## Data block:
####

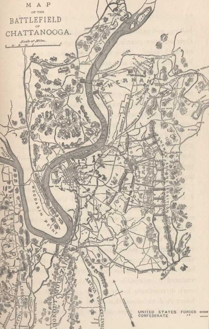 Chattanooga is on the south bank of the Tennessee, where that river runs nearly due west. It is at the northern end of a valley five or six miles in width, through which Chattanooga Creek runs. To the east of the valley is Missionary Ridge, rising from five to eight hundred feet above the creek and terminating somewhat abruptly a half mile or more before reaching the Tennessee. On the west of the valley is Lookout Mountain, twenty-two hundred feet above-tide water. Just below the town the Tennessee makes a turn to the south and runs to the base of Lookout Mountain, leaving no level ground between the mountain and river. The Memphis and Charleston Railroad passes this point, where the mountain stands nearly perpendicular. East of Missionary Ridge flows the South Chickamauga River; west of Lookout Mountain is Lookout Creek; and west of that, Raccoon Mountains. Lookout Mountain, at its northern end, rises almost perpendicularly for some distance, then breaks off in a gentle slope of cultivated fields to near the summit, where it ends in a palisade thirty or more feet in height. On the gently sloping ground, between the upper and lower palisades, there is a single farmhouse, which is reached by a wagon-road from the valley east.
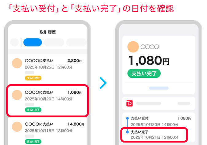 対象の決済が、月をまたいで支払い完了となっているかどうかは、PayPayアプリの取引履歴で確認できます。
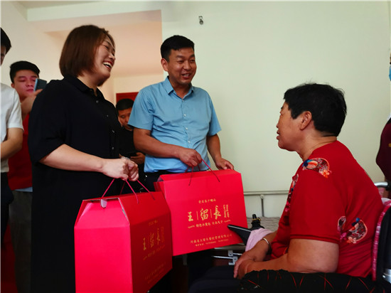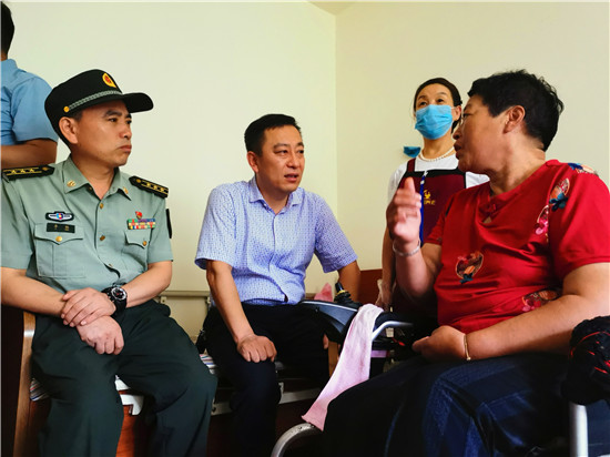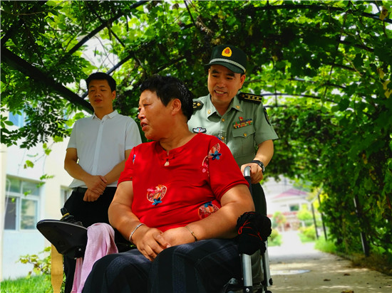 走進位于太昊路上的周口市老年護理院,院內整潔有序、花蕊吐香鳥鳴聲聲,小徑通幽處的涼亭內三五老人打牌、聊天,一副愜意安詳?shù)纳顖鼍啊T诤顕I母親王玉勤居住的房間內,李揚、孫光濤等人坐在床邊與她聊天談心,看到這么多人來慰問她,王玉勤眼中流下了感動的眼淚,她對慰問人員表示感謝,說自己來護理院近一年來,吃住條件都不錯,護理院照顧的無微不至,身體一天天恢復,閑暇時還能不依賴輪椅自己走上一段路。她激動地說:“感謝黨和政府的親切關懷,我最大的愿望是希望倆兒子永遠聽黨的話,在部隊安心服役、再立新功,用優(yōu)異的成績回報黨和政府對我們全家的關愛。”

####

## What you will do:
All of the material should be written out again exactly, apart from the pictures.

## Result of the task:
 Chattanooga is on the south bank of the Tennessee, where that river runs nearly due west. It is at the northern end of a valley five or six miles in width, through which Chattanooga Creek runs. To the east of the valley is Missionary Ridge, rising from five to eight hundred feet above the creek and terminating somewhat abruptly a half mile or more before reaching the Tennessee. On the west of the valley is Lookout Mountain, twenty-two hundred feet above-tide water. Just below the town the Tennessee makes a turn to the south and runs to the base of Lookout Mountain, leaving no level ground between the mountain and river. The Memphis and Charleston Railroad passes this point, where the mountain stands nearly perpendicular. East of Missionary Ridge flows the South Chickamauga River; west of Lookout Mountain is Lookout Creek; and west of that, Raccoon Mountains. Lookout Mountain, at its northern end, rises almost perpendicularly for some distance, then breaks off in a gentle slope of cultivated fields to near the summit, where it ends in a palisade thirty or more feet in height. On the gently sloping ground, between the upper and lower palisades, there is a single farmhouse, which is reached by a wagon-road from the valley east.
 対象の決済が、月をまたいで支払い完了となっているかどうかは、PayPayアプリの取引履歴で確認できます。
 走進位于太昊路上的周口市老年護理院,院內整潔有序、花蕊吐香鳥鳴聲聲,小徑通幽處的涼亭內三五老人打牌、聊天,一副愜意安詳?shù)纳顖鼍啊T诤顕I母親王玉勤居住的房間內,李揚、孫光濤等人坐在床邊與她聊天談心,看到這么多人來慰問她,王玉勤眼中流下了感動的眼淚,她對慰問人員表示感謝,說自己來護理院近一年來,吃住條件都不錯,護理院照顧的無微不至,身體一天天恢復,閑暇時還能不依賴輪椅自己走上一段路。她激動地說:“感謝黨和政府的親切關懷,我最大的愿望是希望倆兒子永遠聽黨的話,在部隊安心服役、再立新功,用優(yōu)異的成績回報黨和政府對我們全家的關愛。”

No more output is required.